Work to complete:
Of the lines in the material below, print only those from the one containing "74054274 alte Postkarte" to the one containing "ಹೀಗಾಗಿ ಡಿಕೆಶಿ ತಮ್ಮ", ends included, exactly as written and without pictures.

Source material:
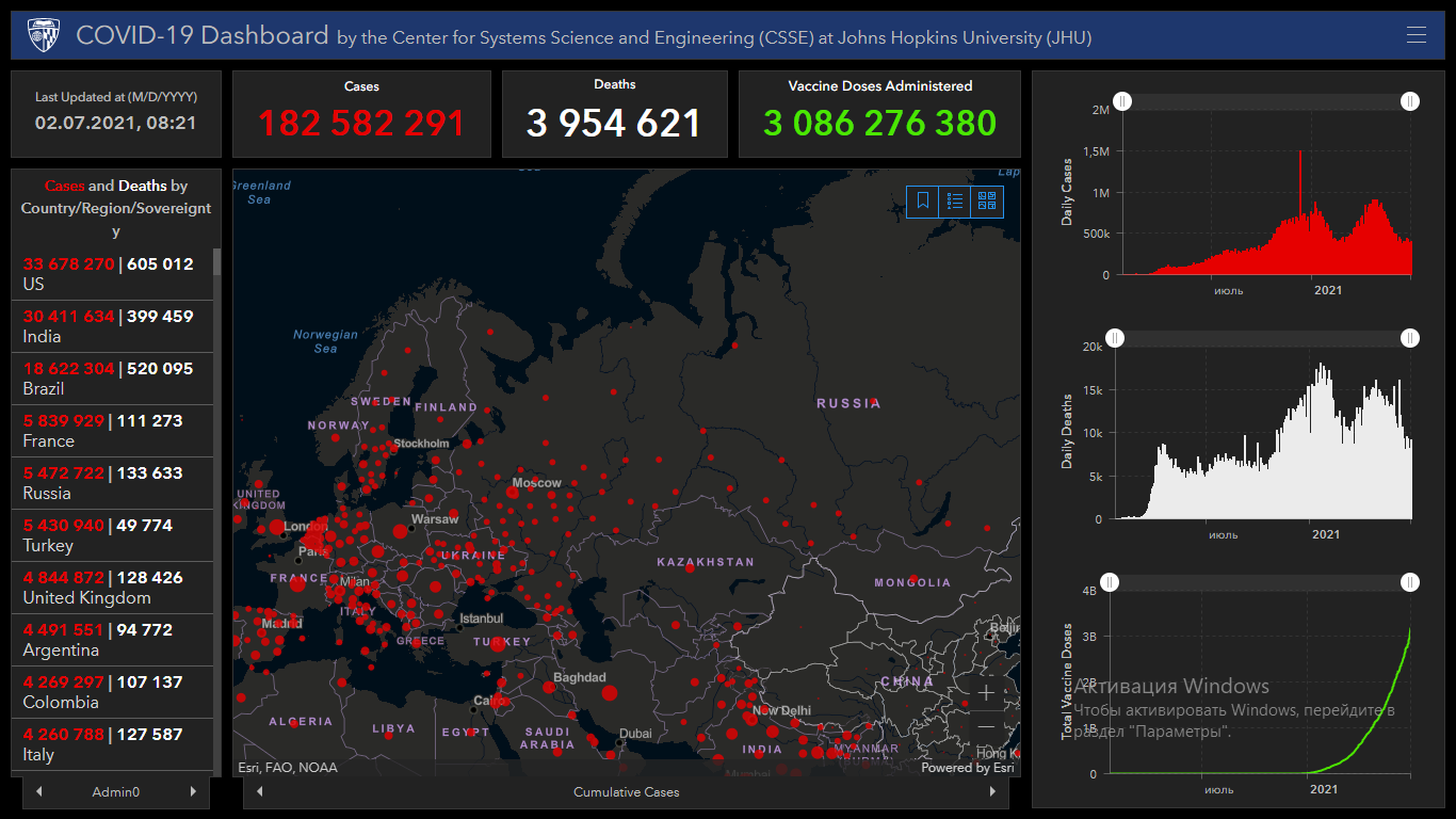 COVID-19 в мире. Заразились более 182,5 миллиона, умерли более 3,9 миллиона
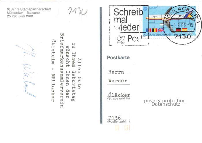 74054274 alte Postkarte Muehlacker 10 Jahre Staedtepartnerschaft Muehlacker – Bassano postalisch gelaufen Erhaltung siehe scans [FriedD77] KatCode: 11110008236040
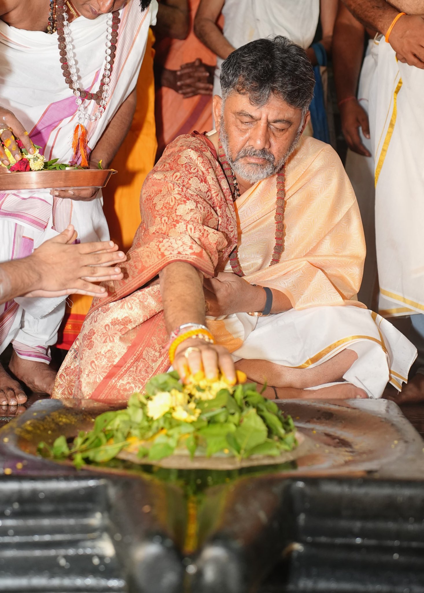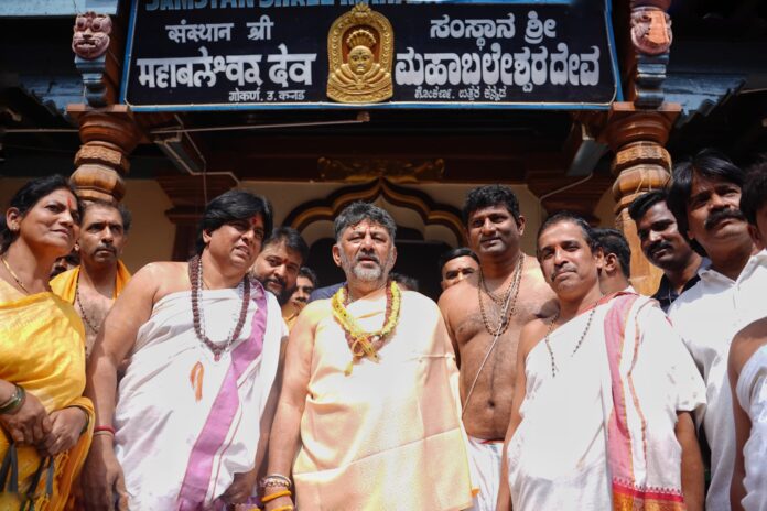 ಹೀಗಾಗಿ ಡಿಕೆಶಿ ತಮ್ಮ ಇಷ್ಟಾರ್ಥ ಸಿದ್ಧಿಗಾಗಿ ಉತ್ತರ ಕನ್ನಡ ಜಿಲ್ಲೆಯ ಗೋಕರ್ಣದ ಶ್ರೀ ಮಹಾಬಲೇಶ್ವರ ದೇವಸ್ಥಾನಕ್ಕೆ ಭೇಟಿ ನೀಡಿದ್ದಾರೆ. ದೇವರ ದರ್ಶನ ಪಡೆದು ಆತ್ಮಲಿಂಗದ ವಿಶೇಷ ಪೂಜೆ ಸಲ್ಲಿಸಿ ನಾಡಿನ ಒಳಿತಿಗಾಗಿ ಪ್ರಾರ್ಥನೆ ಸಲ್ಲಿಸಿದ್ದಾರೆ.
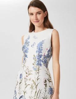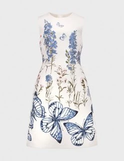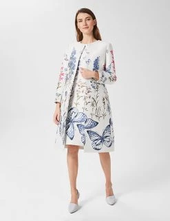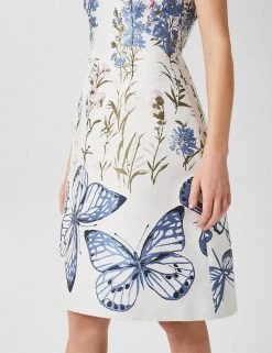 Create a statement look for your next special occasion with this cotton-blend dress from Hobbs. The regular-fitting shift design creates a streamlined silhouette and sits at an elegant knee length. Feminine florals and fluttering butterflies add a distinctive feel. Made with recycled polyester.

Reply:
 74054274 alte Postkarte Muehlacker 10 Jahre Staedtepartnerschaft Muehlacker – Bassano postalisch gelaufen Erhaltung siehe scans [FriedD77] KatCode: 11110008236040
 ಹೀಗಾಗಿ ಡಿಕೆಶಿ ತಮ್ಮ ಇಷ್ಟಾರ್ಥ ಸಿದ್ಧಿಗಾಗಿ ಉತ್ತರ ಕನ್ನಡ ಜಿಲ್ಲೆಯ ಗೋಕರ್ಣದ ಶ್ರೀ ಮಹಾಬಲೇಶ್ವರ ದೇವಸ್ಥಾನಕ್ಕೆ ಭೇಟಿ ನೀಡಿದ್ದಾರೆ. ದೇವರ ದರ್ಶನ ಪಡೆದು ಆತ್ಮಲಿಂಗದ ವಿಶೇಷ ಪೂಜೆ ಸಲ್ಲಿಸಿ ನಾಡಿನ ಒಳಿತಿಗಾಗಿ ಪ್ರಾರ್ಥನೆ ಸಲ್ಲಿಸಿದ್ದಾರೆ.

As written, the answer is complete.